= 1994 Michigan UFO event =

Apparent UFO sighting

On 8 March 1994, dozens of individuals reported sighting multiple UFOs in West Michigan, United States. The UFOs were described as resembling flickering Christmas lights, consisting of five to six cylindrical or circular objects with blue, red, white, and green lights.
== Radar data ==
On 11 March, the press covered comments from the official in charge at the local National Weather Service office, who acknowledged radar data suggesting a "fast moving phenomenon" over Lake Michigan on 8 March. He reported the sighting to the National UFO Reporting Center, and relayed eyewitness reports that featured "red and green sets of lights" that performed "some rather erratic movements at times". The sightings were reported to 911 and were observed by police and a National Weather Service radar at Muskegon County Airport.

== Witnesses ==
Reports of sightings of 8 March were followed by a subsequent "UFO flap". According to Chicago Tribune, in the aftermath, UFO sightings were reported by over 300 witnesses in 42 counties of Michigan (including Muskegon, Ottawa, Berrien, and Allegan counties).
== Interpretations ==
On 20 March, experts from the National Weather Service dismissed the radar blips, noting their radar was designed to sense weather, not aircraft. Press speculated that the sightings could have been caused by a top-secret US aircraft, though aviation experts expressed skepticism. Press similarly covered a psychologist who opined the sightings were caused by social contagion, likening them to various examples of subjective pareidolia and misinterpretation. The Detroit Free Press reported that residents of the very-religious Holland, Michigan, were interpreting the sightings as a biblical sign.

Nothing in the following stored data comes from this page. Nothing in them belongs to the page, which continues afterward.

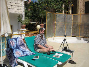 Edellisenä päivänä etsiskelimme sopivaa katselupaikkaa. Mutta puolta tuntia ennen pimennyksen alkua keksimme, että katsomme pimennystä oman hotellimme uima-altaalta! Ja sinne veimme sitten varusteemme. Uima-altaalla ei ollut ketään muuta paitsi uima-altaan baarin myyjä.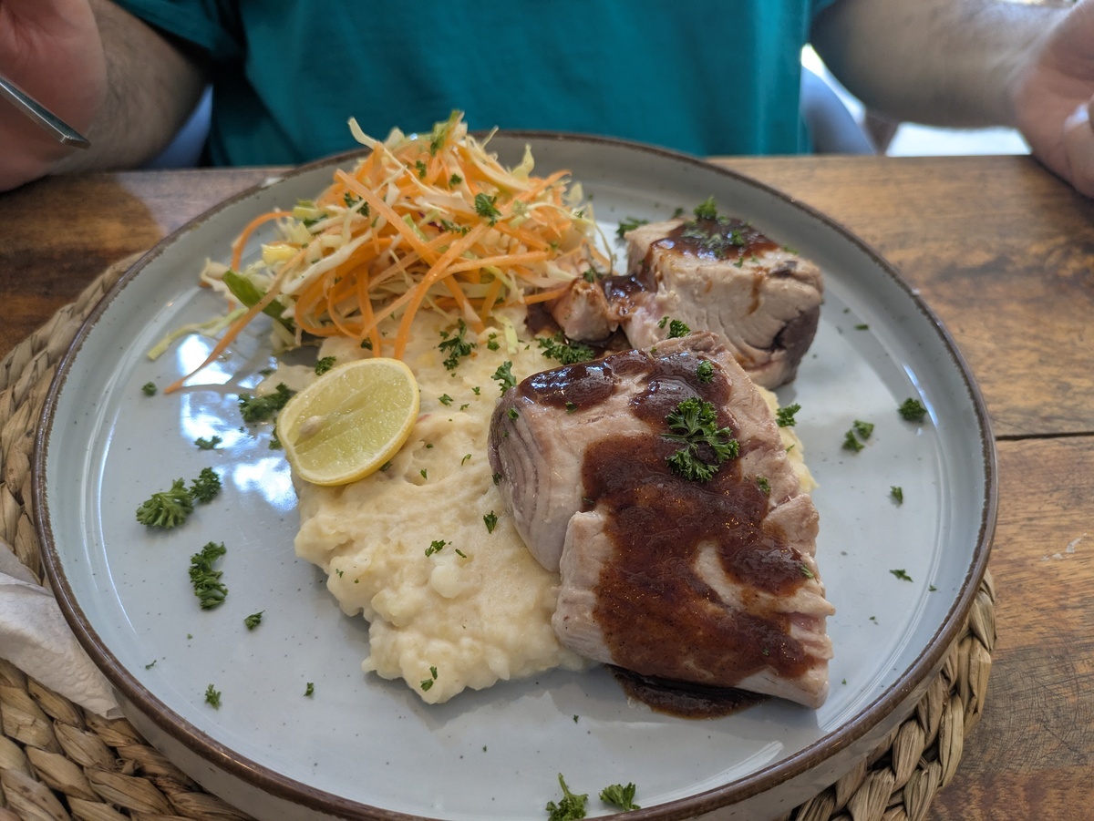 After the whale watching cruise we grabbed some lunch at a local resturant where Anthony made friends with the owner. We tried the local tuna steak which was actually pretty good.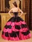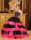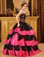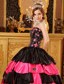 Taffeta Embroidery Strapless Tiered Black and Red Quinceanera Dresses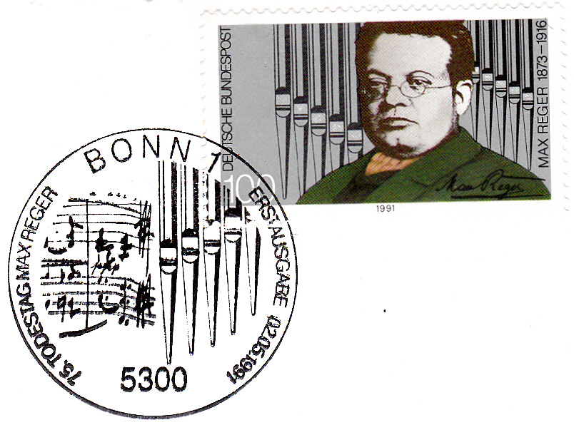 Die Marke zum 75. Todestag von Max Reger der Deutschen Bundespost wurde hier mit dem Ersttagsonderstempel aus Bonn entwertet.

== Assessment by the Mutual UFO Network ==
By 20 March, the Mutual UFO Network spokesperson told press they had received over 100 UFO reports in lower Michigan since the initial sightings on 8 March. The group interviewed dozens of witnesses, but the event remains unexplained. The group claims to have ruled out most earthly explanations, such as a small plane, gas, blimp, weather balloon, satellite, shooting star, military aircraft, or debris.

==Radar operator==
In 1996, Jack Bushong, the radar operator that night, began speaking publicly about the incident. Bushong recalled having been called by a 911 dispatcher around 10 that night.
In 2008, he appeared on the show UFO Hunters.
In 2019, on the 25th anniversary of the event, local media interviewed witness Cindy Pravda. In 2020, retired meteorologist Jack Bushong was interviewed about his experiences at the National Weather Service station the night of 8 March 1994. In 2021, Bushong reported that he "felt vindicated" by a recent government UFO report.
The event was detailed on an episode of the Netflix series Unsolved Mysteries in 2022; Bushong was featured. In 2024, Bushong recalled using the WSR-74C radar to scan the skies in response to the dispatcher call.